During a trip through the Amazon rain forest, a group of entomologists, including photographer Jerry Manley, who is battling a terrible flu, capture various bugs in an effort to examine them. This includes the accidental capture of a new breed of venomous spider that’s aggressive and prone to attacking its prey. One of the spider jumps in to the back pack of the Jerry’s, biting him in his tent, and he later dies a horrible death. Pointing his death to the flu and oblivious to the spider, Jerry’s body is shipped back to his home town in California, with the spider stowing away in his coffin. With the spider now loose in the California town, it begins breeding and wreaking havoc on town residents, leaving a trail of dead bodies in its path.
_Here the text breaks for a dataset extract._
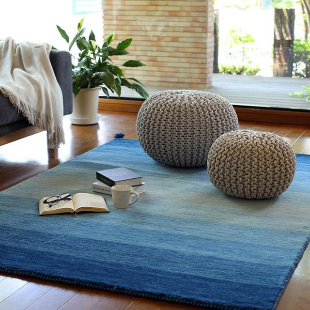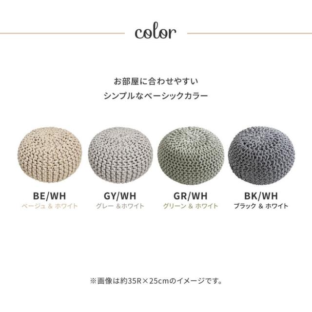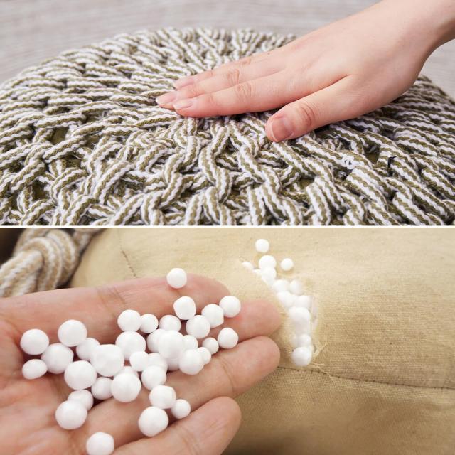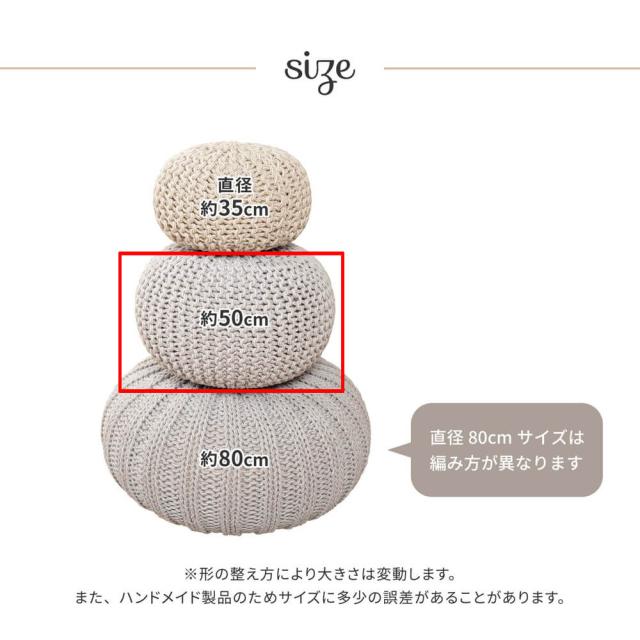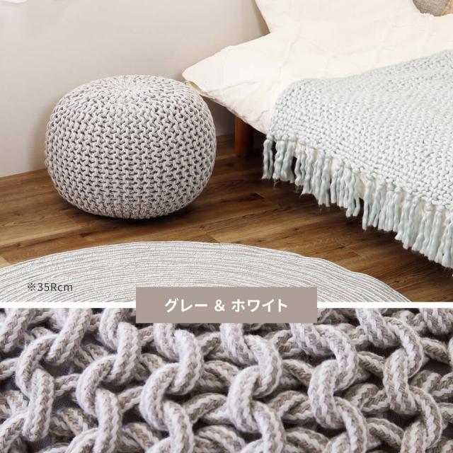 インドの職人によって編み込んで作られたニット風のプフ。

Now it’s up to physician Ross Jennings, as played by Jeff Daniels, to investigate the murders and track the spiders, despite the fact he suffers from a crippling case of arachnophobia. Little does he know the nest of spiders originate from his own barn. I spent most of my childhood watching this movie with my eyes closed, because director Marshall milks the spider phobia for all it’s worth. There are scenes of spiders crawling through drain pipes, in to food, in to mouths, out of animals, and it’s a never ending ick fest as they begin to take over a small town. Truthfully, “Arachnophobia” is a slasher film with spiders doing the work for the masked serial killer, and director Marshall twists that formula around for a diverse audience.

It’s gross and scary, while also an interesting adventure that attempts to channel the likes of “Jaws.” The spiders are an absolute threat to civilization soon enough as their venom producers horrific effects on its victims, and their domination ensures a natural disaster. Daniels plays the role of the inadvertent hero well, being forced to battle his own phobia in an attempt to save others. John Goodman is excellent as exterminator Delbert McClintock, who is introduced in the film as an exterminator with a vast knowledge of bugs, who joins in the fight to stop the growing species, and end the cycle of the spiders with their gigantic queen lurking in the darkness. “Arachnophobia” despite its occasional gross out moments, is still an entertaining and creepy monster film with humans battling spiders of the venomous and gigantic kind.